SOURCE INFORMATION:

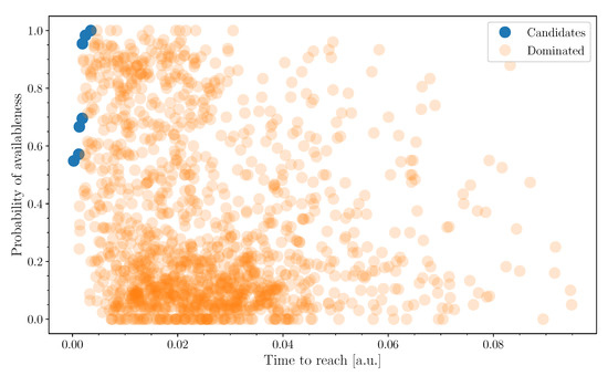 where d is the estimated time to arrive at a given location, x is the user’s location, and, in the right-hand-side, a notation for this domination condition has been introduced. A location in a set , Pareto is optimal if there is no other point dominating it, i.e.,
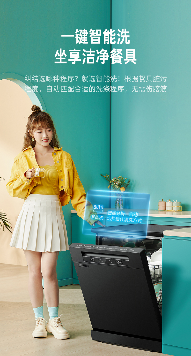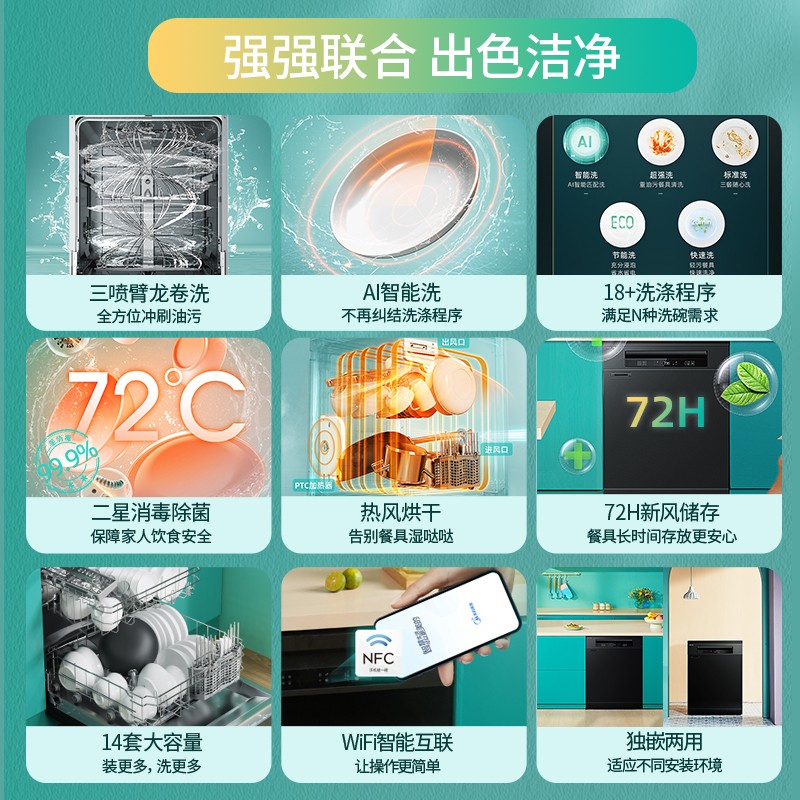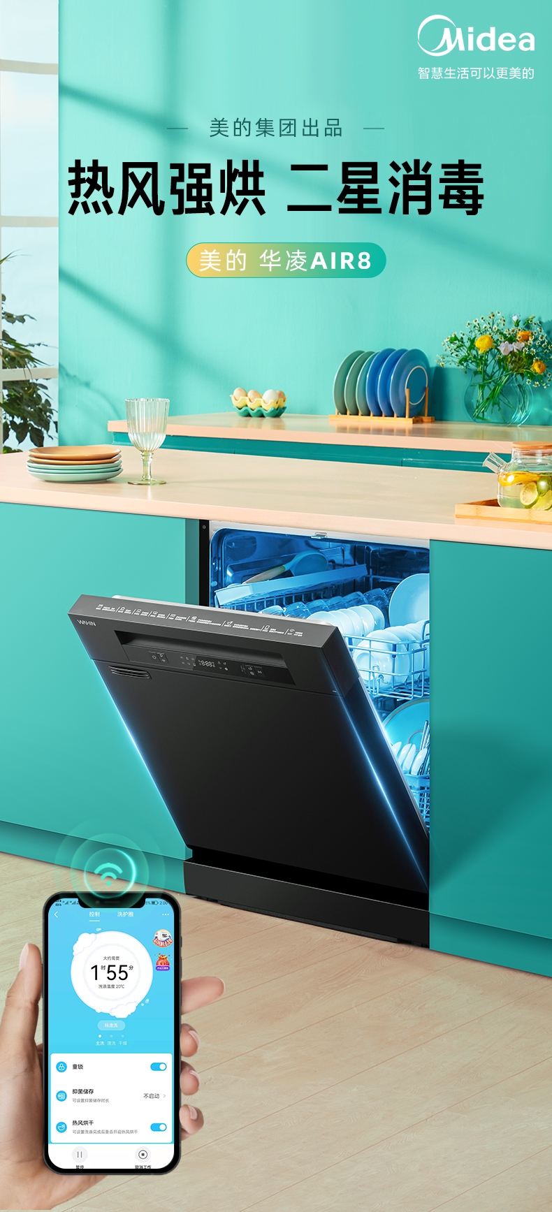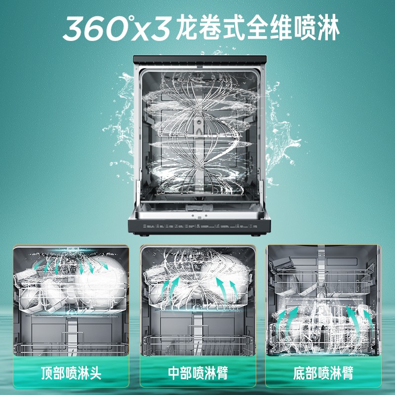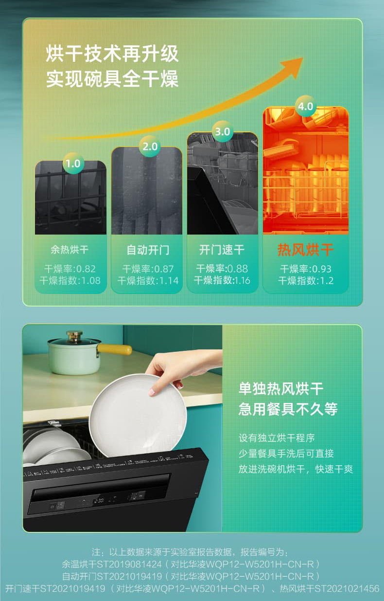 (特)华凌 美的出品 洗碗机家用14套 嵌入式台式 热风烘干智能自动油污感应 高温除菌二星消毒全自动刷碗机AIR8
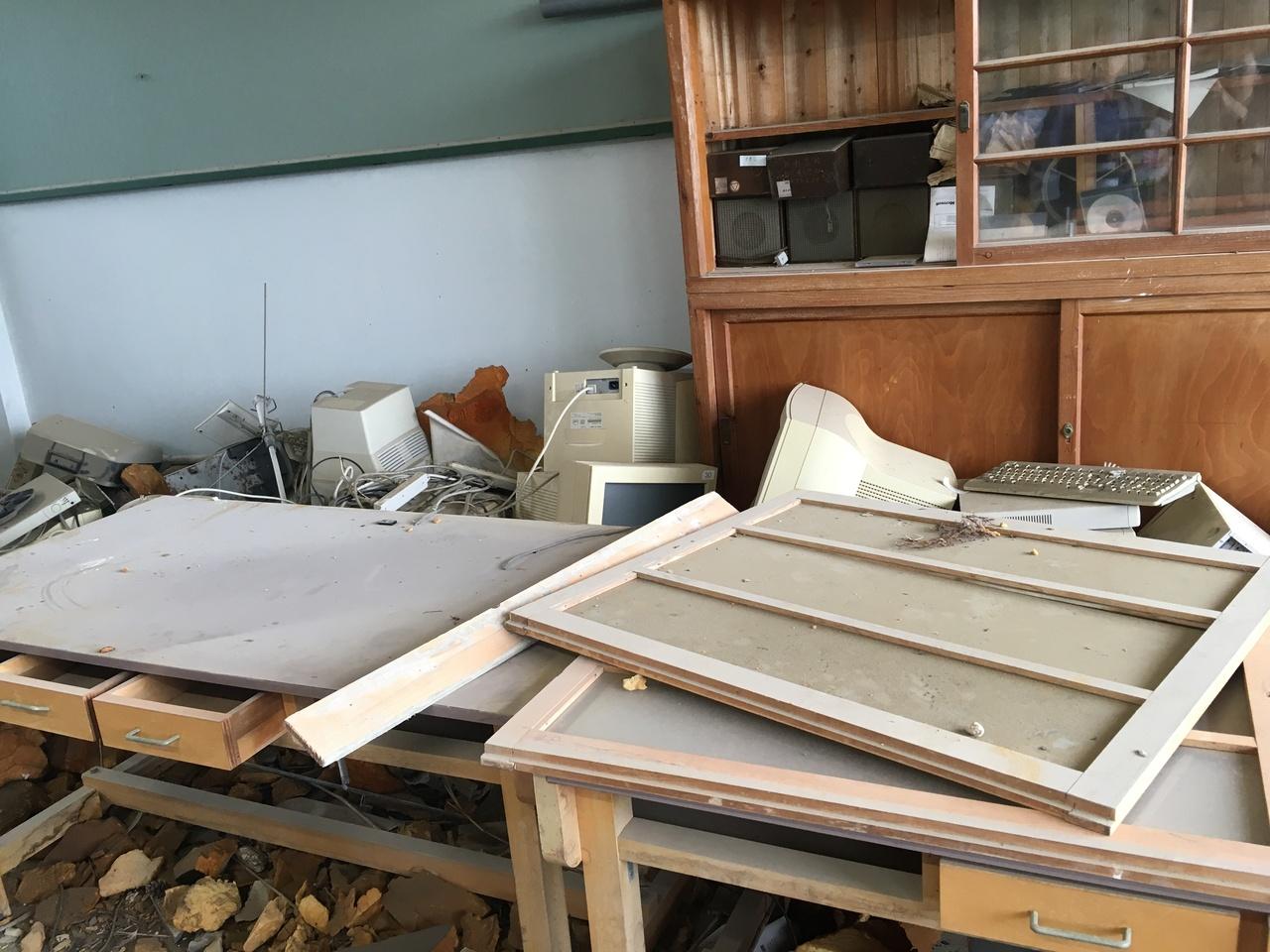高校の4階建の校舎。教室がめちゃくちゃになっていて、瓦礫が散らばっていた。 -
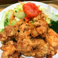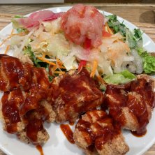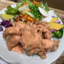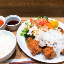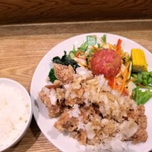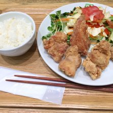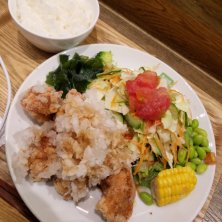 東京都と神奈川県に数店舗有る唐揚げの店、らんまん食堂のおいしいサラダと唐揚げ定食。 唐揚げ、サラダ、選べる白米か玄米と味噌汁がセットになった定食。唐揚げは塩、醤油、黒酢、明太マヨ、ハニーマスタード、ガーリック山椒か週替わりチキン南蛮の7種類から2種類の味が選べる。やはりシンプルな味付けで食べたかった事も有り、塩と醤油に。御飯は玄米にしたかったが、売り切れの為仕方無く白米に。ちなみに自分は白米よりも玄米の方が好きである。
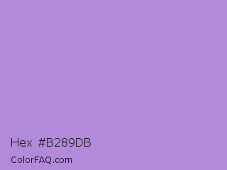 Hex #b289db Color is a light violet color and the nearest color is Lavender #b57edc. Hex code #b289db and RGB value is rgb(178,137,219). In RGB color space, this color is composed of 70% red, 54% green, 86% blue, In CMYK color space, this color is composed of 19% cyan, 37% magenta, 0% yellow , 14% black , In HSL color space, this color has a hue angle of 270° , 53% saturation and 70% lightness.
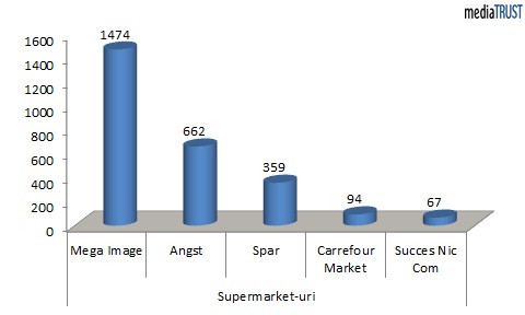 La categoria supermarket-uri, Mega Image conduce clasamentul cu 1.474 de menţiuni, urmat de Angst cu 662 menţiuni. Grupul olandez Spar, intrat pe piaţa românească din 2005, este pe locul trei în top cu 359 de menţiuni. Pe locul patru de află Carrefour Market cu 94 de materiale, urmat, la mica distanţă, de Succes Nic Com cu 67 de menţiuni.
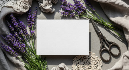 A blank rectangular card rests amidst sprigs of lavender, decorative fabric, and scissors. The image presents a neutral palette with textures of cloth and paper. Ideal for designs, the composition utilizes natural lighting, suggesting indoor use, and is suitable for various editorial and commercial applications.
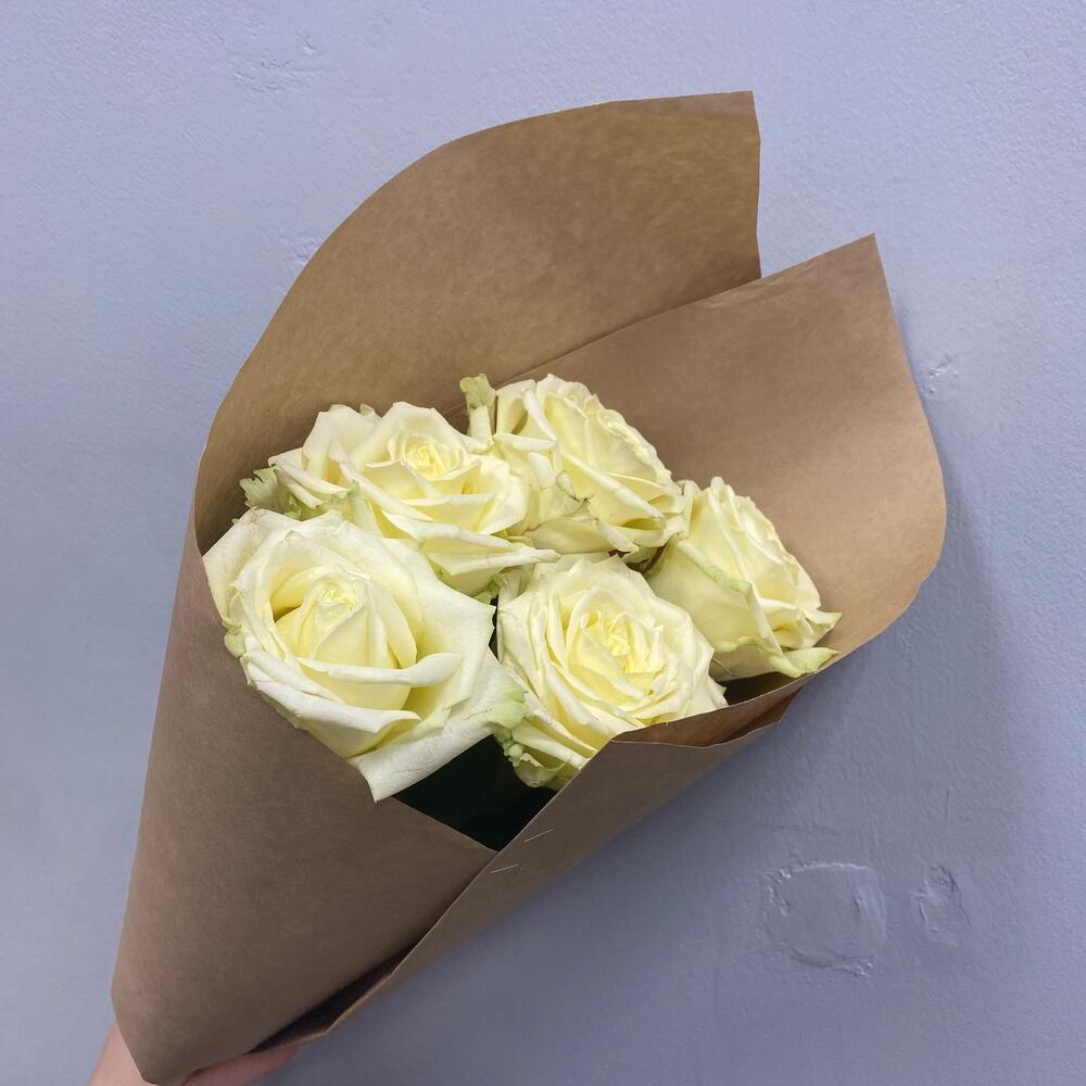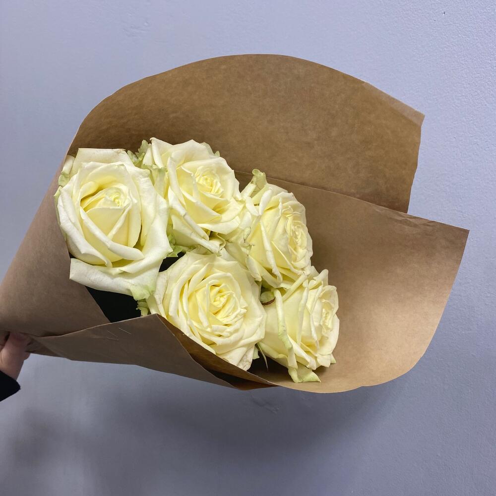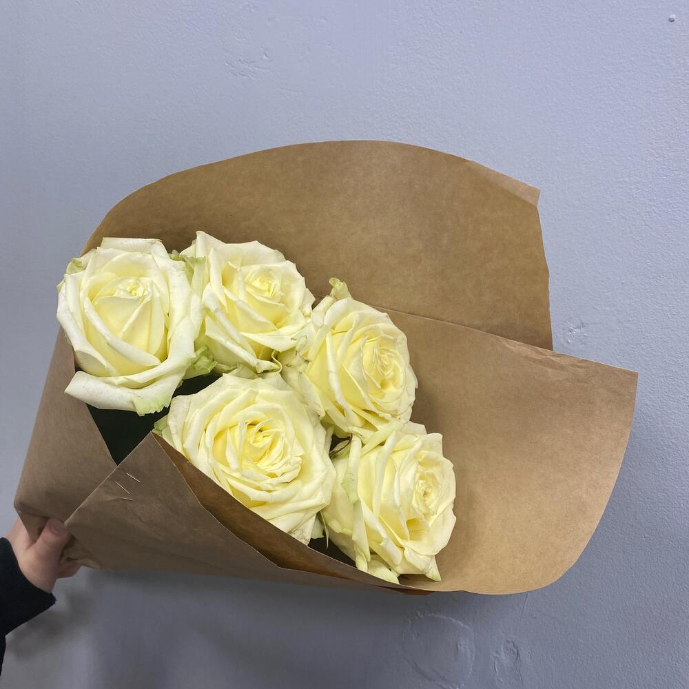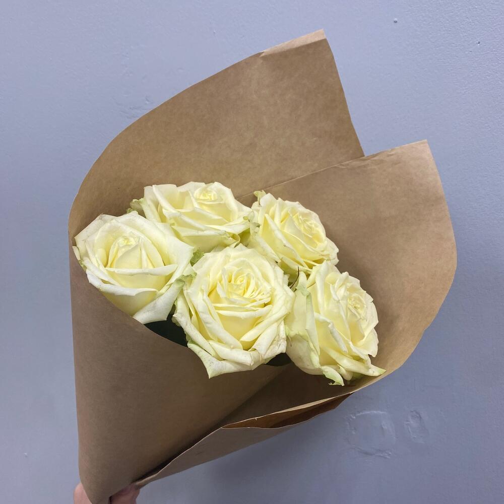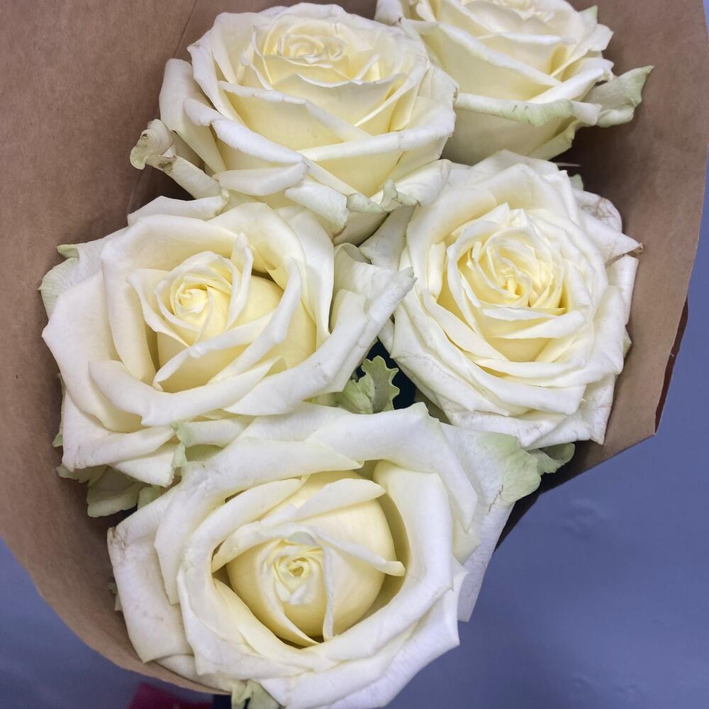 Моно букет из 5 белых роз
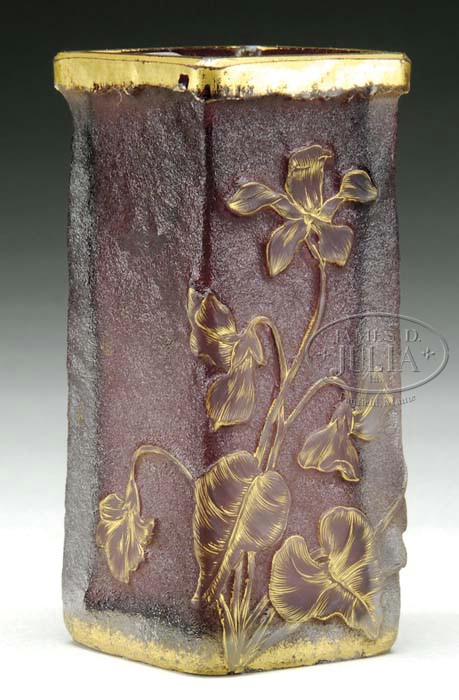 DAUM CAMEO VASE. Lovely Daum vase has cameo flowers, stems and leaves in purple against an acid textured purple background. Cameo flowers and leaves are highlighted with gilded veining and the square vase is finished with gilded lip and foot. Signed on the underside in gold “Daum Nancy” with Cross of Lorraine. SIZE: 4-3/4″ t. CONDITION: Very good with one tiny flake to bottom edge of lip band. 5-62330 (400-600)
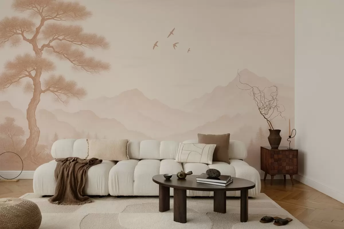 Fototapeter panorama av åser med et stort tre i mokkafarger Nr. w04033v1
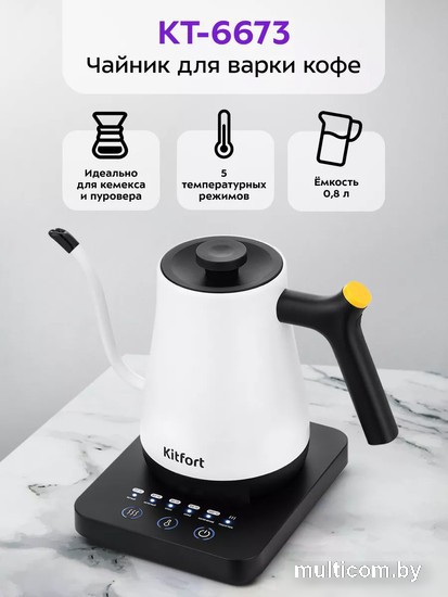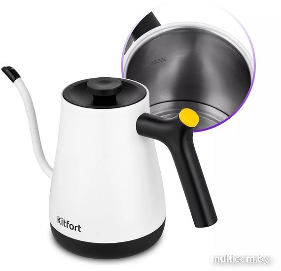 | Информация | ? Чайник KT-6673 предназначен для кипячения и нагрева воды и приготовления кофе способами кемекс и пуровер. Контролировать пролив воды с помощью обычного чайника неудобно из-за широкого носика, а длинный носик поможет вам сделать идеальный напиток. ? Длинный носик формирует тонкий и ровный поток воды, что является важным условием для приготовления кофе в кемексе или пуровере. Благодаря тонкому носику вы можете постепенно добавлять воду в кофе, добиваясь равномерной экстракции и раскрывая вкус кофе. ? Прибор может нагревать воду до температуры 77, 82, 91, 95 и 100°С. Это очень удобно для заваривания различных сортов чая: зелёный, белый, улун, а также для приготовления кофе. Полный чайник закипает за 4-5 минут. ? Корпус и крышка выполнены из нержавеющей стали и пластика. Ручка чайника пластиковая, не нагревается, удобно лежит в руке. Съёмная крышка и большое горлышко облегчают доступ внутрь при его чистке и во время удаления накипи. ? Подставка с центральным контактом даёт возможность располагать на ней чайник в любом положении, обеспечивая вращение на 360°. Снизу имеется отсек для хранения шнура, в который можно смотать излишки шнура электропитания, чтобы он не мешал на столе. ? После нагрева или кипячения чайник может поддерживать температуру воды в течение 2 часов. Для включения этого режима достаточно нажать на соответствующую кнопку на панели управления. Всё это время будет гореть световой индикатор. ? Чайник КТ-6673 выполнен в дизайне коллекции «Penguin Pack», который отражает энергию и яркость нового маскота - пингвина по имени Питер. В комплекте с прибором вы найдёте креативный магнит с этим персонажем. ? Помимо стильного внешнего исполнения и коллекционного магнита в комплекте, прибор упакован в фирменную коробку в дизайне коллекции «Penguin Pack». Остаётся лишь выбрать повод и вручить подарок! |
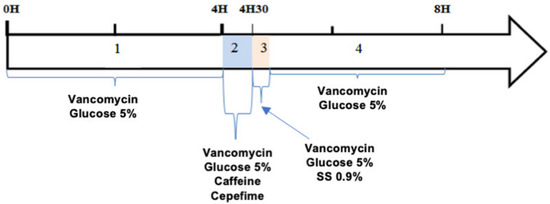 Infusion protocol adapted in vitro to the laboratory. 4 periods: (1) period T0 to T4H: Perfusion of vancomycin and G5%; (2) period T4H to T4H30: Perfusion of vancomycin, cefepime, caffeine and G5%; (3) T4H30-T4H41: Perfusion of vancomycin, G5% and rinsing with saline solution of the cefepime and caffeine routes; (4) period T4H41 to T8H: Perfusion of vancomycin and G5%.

PROBLEM REQUIREMENTS: Reproduce exactly the lines of the entries above from the first through the line with "Hex #b289db Color", both included; pictures should not be reproduced.

OUTPUT BELOW:
 where d is the estimated time to arrive at a given location, x is the user’s location, and, in the right-hand-side, a notation for this domination condition has been introduced. A location in a set , Pareto is optimal if there is no other point dominating it, i.e.,
 (特)华凌 美的出品 洗碗机家用14套 嵌入式台式 热风烘干智能自动油污感应 高温除菌二星消毒全自动刷碗机AIR8
高校の4階建の校舎。教室がめちゃくちゃになっていて、瓦礫が散らばっていた。 -
 東京都と神奈川県に数店舗有る唐揚げの店、らんまん食堂のおいしいサラダと唐揚げ定食。 唐揚げ、サラダ、選べる白米か玄米と味噌汁がセットになった定食。唐揚げは塩、醤油、黒酢、明太マヨ、ハニーマスタード、ガーリック山椒か週替わりチキン南蛮の7種類から2種類の味が選べる。やはりシンプルな味付けで食べたかった事も有り、塩と醤油に。御飯は玄米にしたかったが、売り切れの為仕方無く白米に。ちなみに自分は白米よりも玄米の方が好きである。
 Hex #b289db Color is a light violet color and the nearest color is Lavender #b57edc. Hex code #b289db and RGB value is rgb(178,137,219). In RGB color space, this color is composed of 70% red, 54% green, 86% blue, In CMYK color space, this color is composed of 19% cyan, 37% magenta, 0% yellow , 14% black , In HSL color space, this color has a hue angle of 270° , 53% saturation and 70% lightness.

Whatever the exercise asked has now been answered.